▶ **EXTRACTED INFORMATION**:
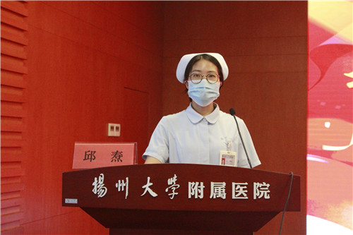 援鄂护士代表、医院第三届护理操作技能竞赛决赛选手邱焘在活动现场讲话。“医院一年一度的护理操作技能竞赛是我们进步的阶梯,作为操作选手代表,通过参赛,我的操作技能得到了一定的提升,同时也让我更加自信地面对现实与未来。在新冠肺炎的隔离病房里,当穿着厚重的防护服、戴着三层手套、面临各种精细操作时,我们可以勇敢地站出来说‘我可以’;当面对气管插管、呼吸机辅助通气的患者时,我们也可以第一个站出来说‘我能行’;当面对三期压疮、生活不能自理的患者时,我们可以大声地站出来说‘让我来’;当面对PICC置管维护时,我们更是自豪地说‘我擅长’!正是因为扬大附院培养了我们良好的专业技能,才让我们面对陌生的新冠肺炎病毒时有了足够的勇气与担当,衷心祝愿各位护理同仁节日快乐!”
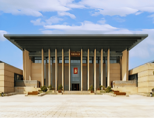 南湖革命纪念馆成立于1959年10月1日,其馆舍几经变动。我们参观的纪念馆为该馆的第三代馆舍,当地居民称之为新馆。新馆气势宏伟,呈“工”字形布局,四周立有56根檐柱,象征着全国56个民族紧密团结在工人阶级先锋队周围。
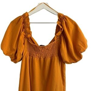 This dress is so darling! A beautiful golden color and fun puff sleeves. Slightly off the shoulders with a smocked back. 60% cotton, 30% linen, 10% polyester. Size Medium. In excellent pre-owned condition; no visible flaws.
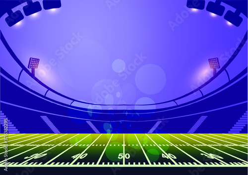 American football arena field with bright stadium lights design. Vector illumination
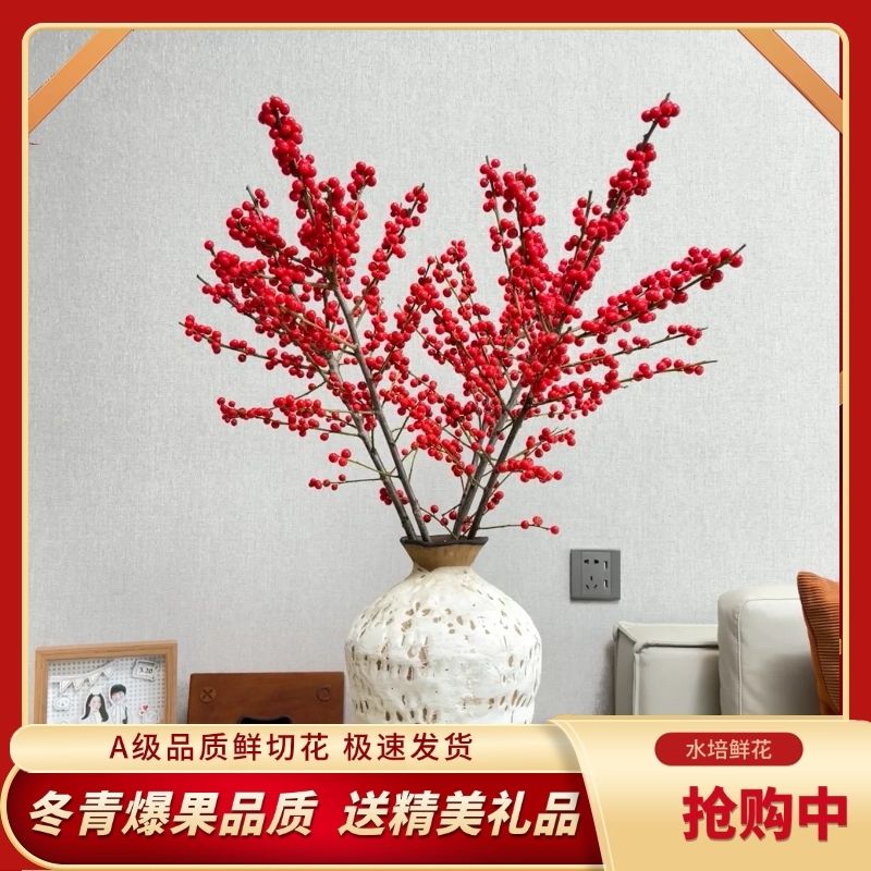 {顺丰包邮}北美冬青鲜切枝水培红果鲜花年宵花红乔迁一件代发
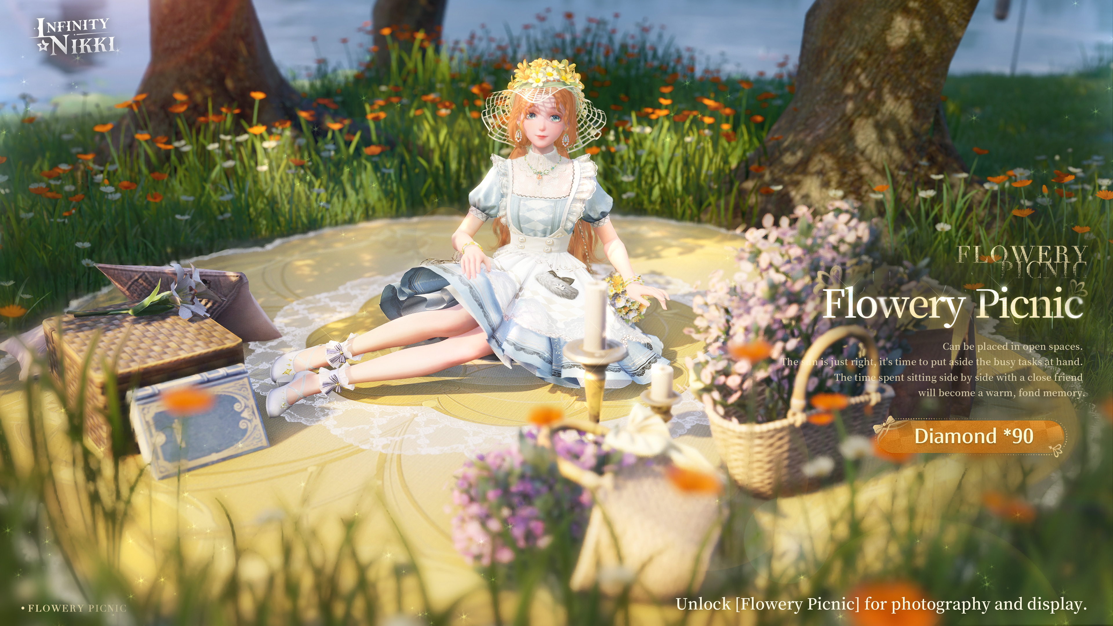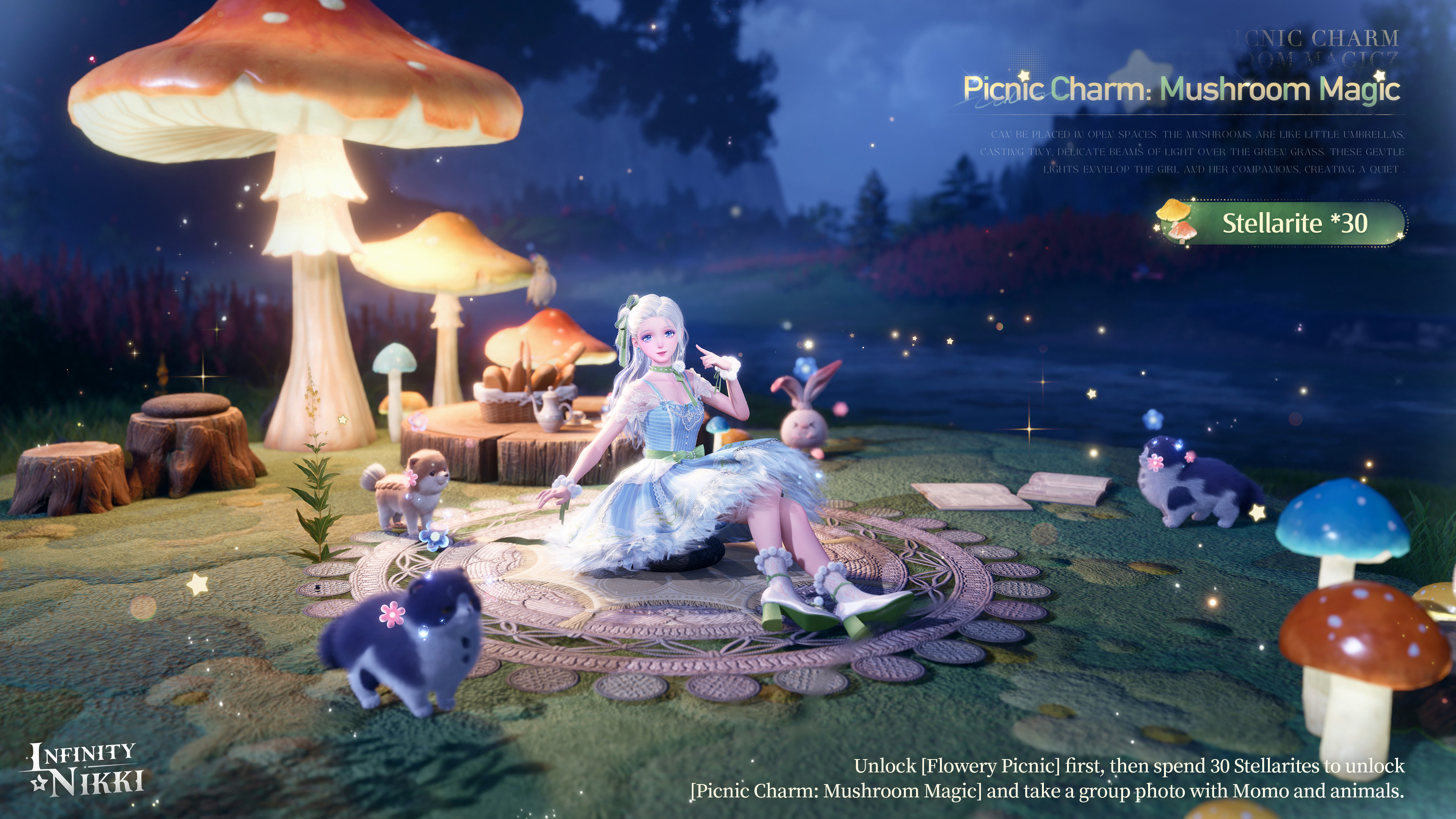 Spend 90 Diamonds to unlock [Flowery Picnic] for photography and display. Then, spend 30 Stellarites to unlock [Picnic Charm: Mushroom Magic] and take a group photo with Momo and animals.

▶ **ASSIGNMENT**: Every record is to be reproduced exactly, with no pictures included.

▶ **OUTPUT OF THE TASK**:
 援鄂护士代表、医院第三届护理操作技能竞赛决赛选手邱焘在活动现场讲话。“医院一年一度的护理操作技能竞赛是我们进步的阶梯,作为操作选手代表,通过参赛,我的操作技能得到了一定的提升,同时也让我更加自信地面对现实与未来。在新冠肺炎的隔离病房里,当穿着厚重的防护服、戴着三层手套、面临各种精细操作时,我们可以勇敢地站出来说‘我可以’;当面对气管插管、呼吸机辅助通气的患者时,我们也可以第一个站出来说‘我能行’;当面对三期压疮、生活不能自理的患者时,我们可以大声地站出来说‘让我来’;当面对PICC置管维护时,我们更是自豪地说‘我擅长’!正是因为扬大附院培养了我们良好的专业技能,才让我们面对陌生的新冠肺炎病毒时有了足够的勇气与担当,衷心祝愿各位护理同仁节日快乐!”
 南湖革命纪念馆成立于1959年10月1日,其馆舍几经变动。我们参观的纪念馆为该馆的第三代馆舍,当地居民称之为新馆。新馆气势宏伟,呈“工”字形布局,四周立有56根檐柱,象征着全国56个民族紧密团结在工人阶级先锋队周围。
 This dress is so darling! A beautiful golden color and fun puff sleeves. Slightly off the shoulders with a smocked back. 60% cotton, 30% linen, 10% polyester. Size Medium. In excellent pre-owned condition; no visible flaws.
 American football arena field with bright stadium lights design. Vector illumination
 {顺丰包邮}北美冬青鲜切枝水培红果鲜花年宵花红乔迁一件代发
 Spend 90 Diamonds to unlock [Flowery Picnic] for photography and display. Then, spend 30 Stellarites to unlock [Picnic Charm: Mushroom Magic] and take a group photo with Momo and animals.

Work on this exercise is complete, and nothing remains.